= Work instructions =
What follows is a set of records. Copy them exactly and leave out the images.

*** Opening Input for this task ***

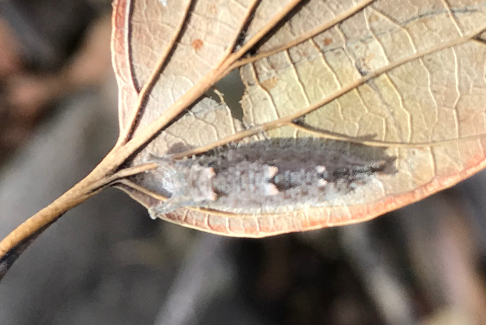 どんな姿をしているの?ということで、ゴマダラチョウの冬の写真を見せていただきました。
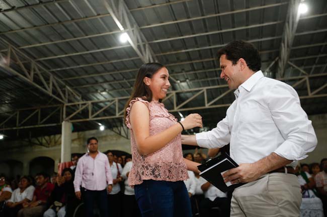 Hunucmá, Yucatán.- “Con 18 años de edad y siendo la primera vez que voy a emitir mi voto, le aseguro que será para usted porque confío y sé que realizará un excelente trabajo apoyando a los que más lo necesitamos”, le expresó Miriam Guadalupe Pech Sonda al precandidato del PRI a la gubernatura del estado, Mauricio Sahuí Rivero.
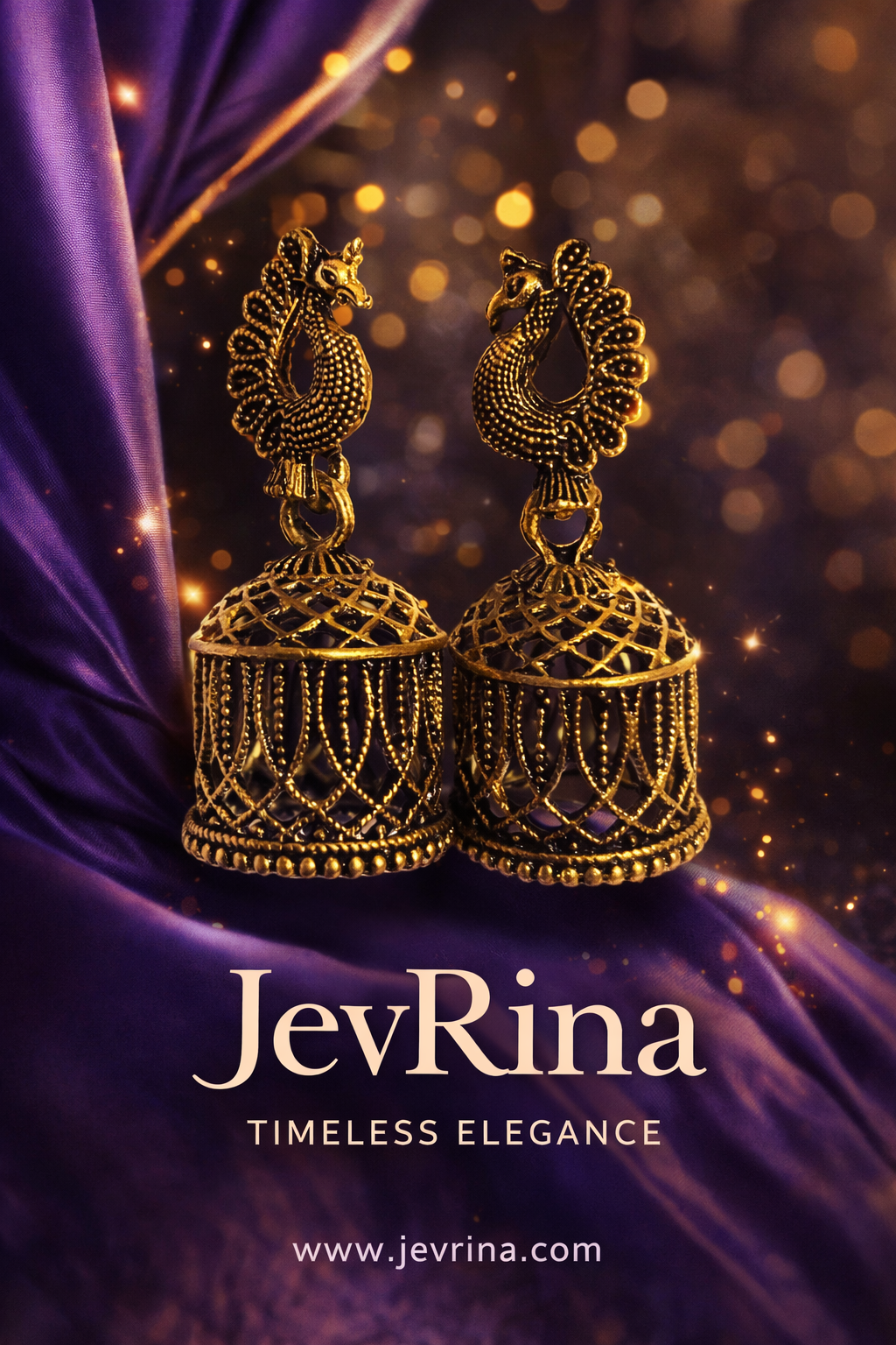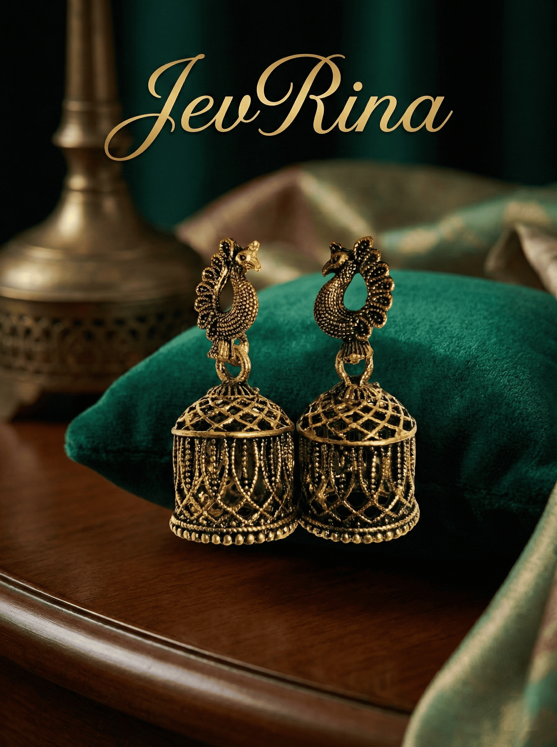 JevRina Traditional Antique Gold Peacock Jhumka Earrings
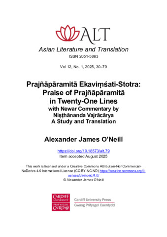 | O'Neill, Alexander 2025. Prajñāpāramitā Ekaviṃśati-Stotra: praise of Prajñāpāramitā in twenty-one lines with Newar commentary by Niṣṭhānanda Vajrācārya. A study and translation. Asian Literature and Translation (ALT) 12 (1) , pp. 30-79. 10.18573/alt.79 |
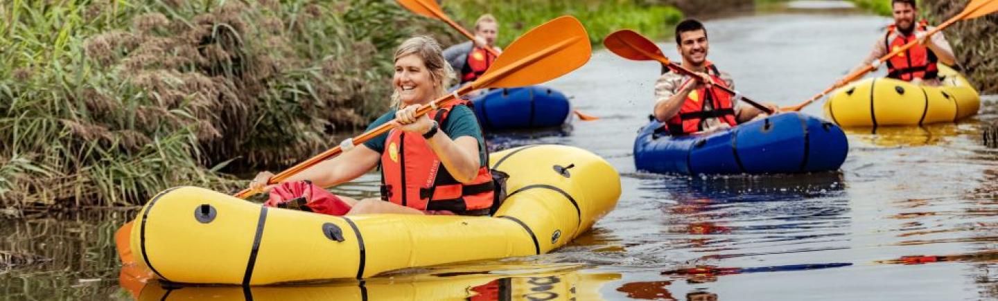 Trek eropuit met een superlichte boot die we op onze rug dragen. Daarna blazen we die op en gaan we het water op! Lunchen doen we op het water met een mooi uitzicht. Als we terug op het vaste land komen wandelen we terug!
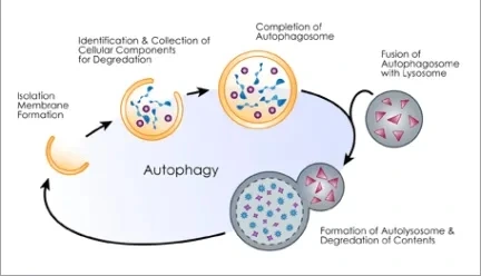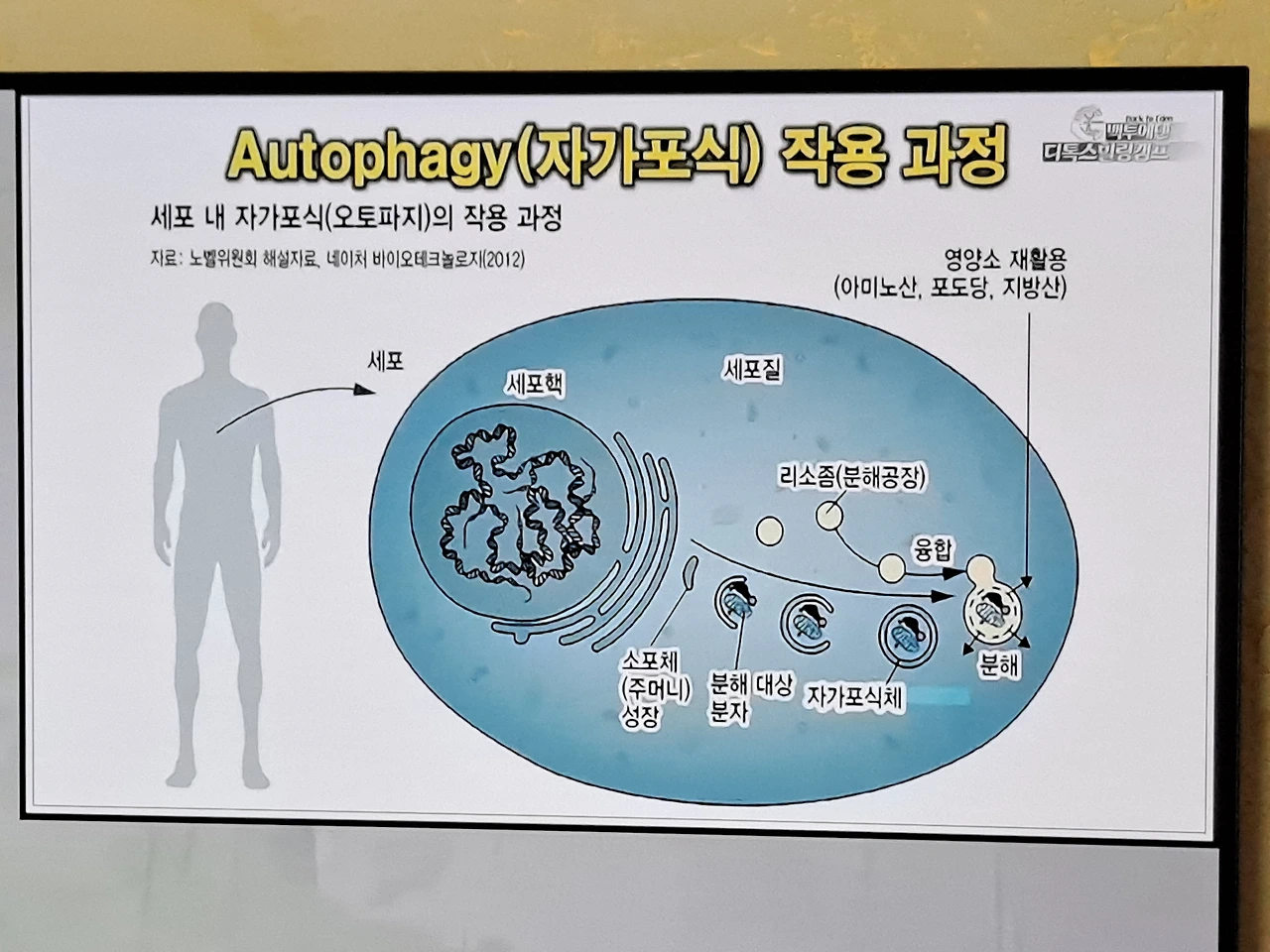 오토파지는 자신의 낡고 약해진 몸 일부를 잡아먹는 것입니다. ‘오토’는 자신, ‘파지’는 먹는다는 말로 자식작용이라고도 합니다. 낡은 조직이나 세포 또는 세포 내 구조물을 탐식세포나 파고좀이 먹고 분해하는 것을 말합니다. 주로 포도당과 같은 에너지원이 부족할 때 즉 배가 고플 때 오토파지가 활발해집니다.
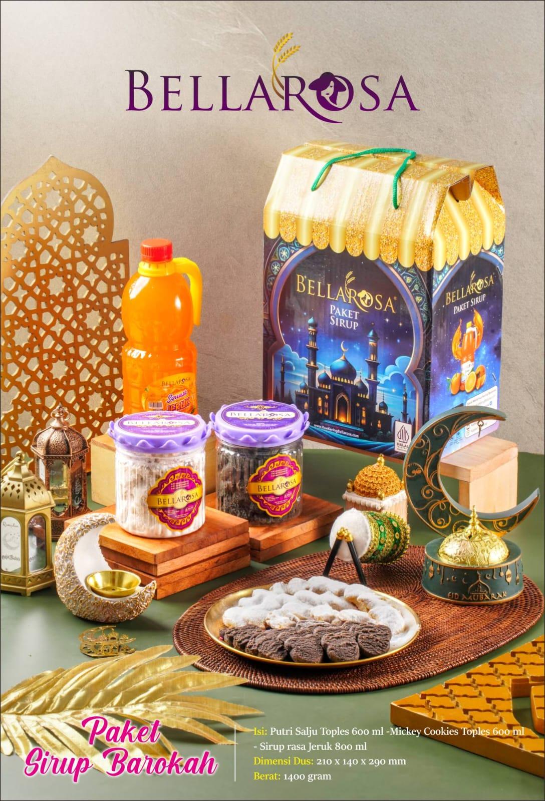 Paket Bellarosa Sirup Barokah merupakan hampers spesial Hari Raya yang memadukan kue kering klasik dan sirup segar dalam satu kemasan elegan. Mengusung nuansa Islami dengan desain box eksklusif Bellarosa, paket ini menghadirkan kesan hangat, mewah, dan penuh keberkahan untuk momen Idul Fitri.
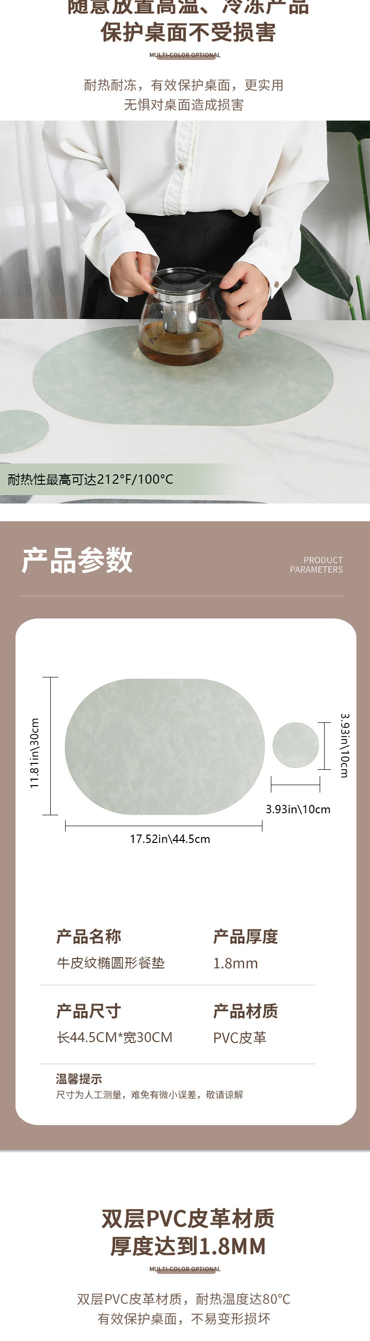 规格 45*30cm椭圆形餐垫,10cm圆形杯垫

*** Closing Input for this task ***

= Task response =
 どんな姿をしているの?ということで、ゴマダラチョウの冬の写真を見せていただきました。
 Hunucmá, Yucatán.- “Con 18 años de edad y siendo la primera vez que voy a emitir mi voto, le aseguro que será para usted porque confío y sé que realizará un excelente trabajo apoyando a los que más lo necesitamos”, le expresó Miriam Guadalupe Pech Sonda al precandidato del PRI a la gubernatura del estado, Mauricio Sahuí Rivero.
 JevRina Traditional Antique Gold Peacock Jhumka Earrings
 | O'Neill, Alexander 2025. Prajñāpāramitā Ekaviṃśati-Stotra: praise of Prajñāpāramitā in twenty-one lines with Newar commentary by Niṣṭhānanda Vajrācārya. A study and translation. Asian Literature and Translation (ALT) 12 (1) , pp. 30-79. 10.18573/alt.79 |
 Trek eropuit met een superlichte boot die we op onze rug dragen. Daarna blazen we die op en gaan we het water op! Lunchen doen we op het water met een mooi uitzicht. Als we terug op het vaste land komen wandelen we terug!
 오토파지는 자신의 낡고 약해진 몸 일부를 잡아먹는 것입니다. ‘오토’는 자신, ‘파지’는 먹는다는 말로 자식작용이라고도 합니다. 낡은 조직이나 세포 또는 세포 내 구조물을 탐식세포나 파고좀이 먹고 분해하는 것을 말합니다. 주로 포도당과 같은 에너지원이 부족할 때 즉 배가 고플 때 오토파지가 활발해집니다.
 Paket Bellarosa Sirup Barokah merupakan hampers spesial Hari Raya yang memadukan kue kering klasik dan sirup segar dalam satu kemasan elegan. Mengusung nuansa Islami dengan desain box eksklusif Bellarosa, paket ini menghadirkan kesan hangat, mewah, dan penuh keberkahan untuk momen Idul Fitri.
 规格 45*30cm椭圆形餐垫,10cm圆形杯垫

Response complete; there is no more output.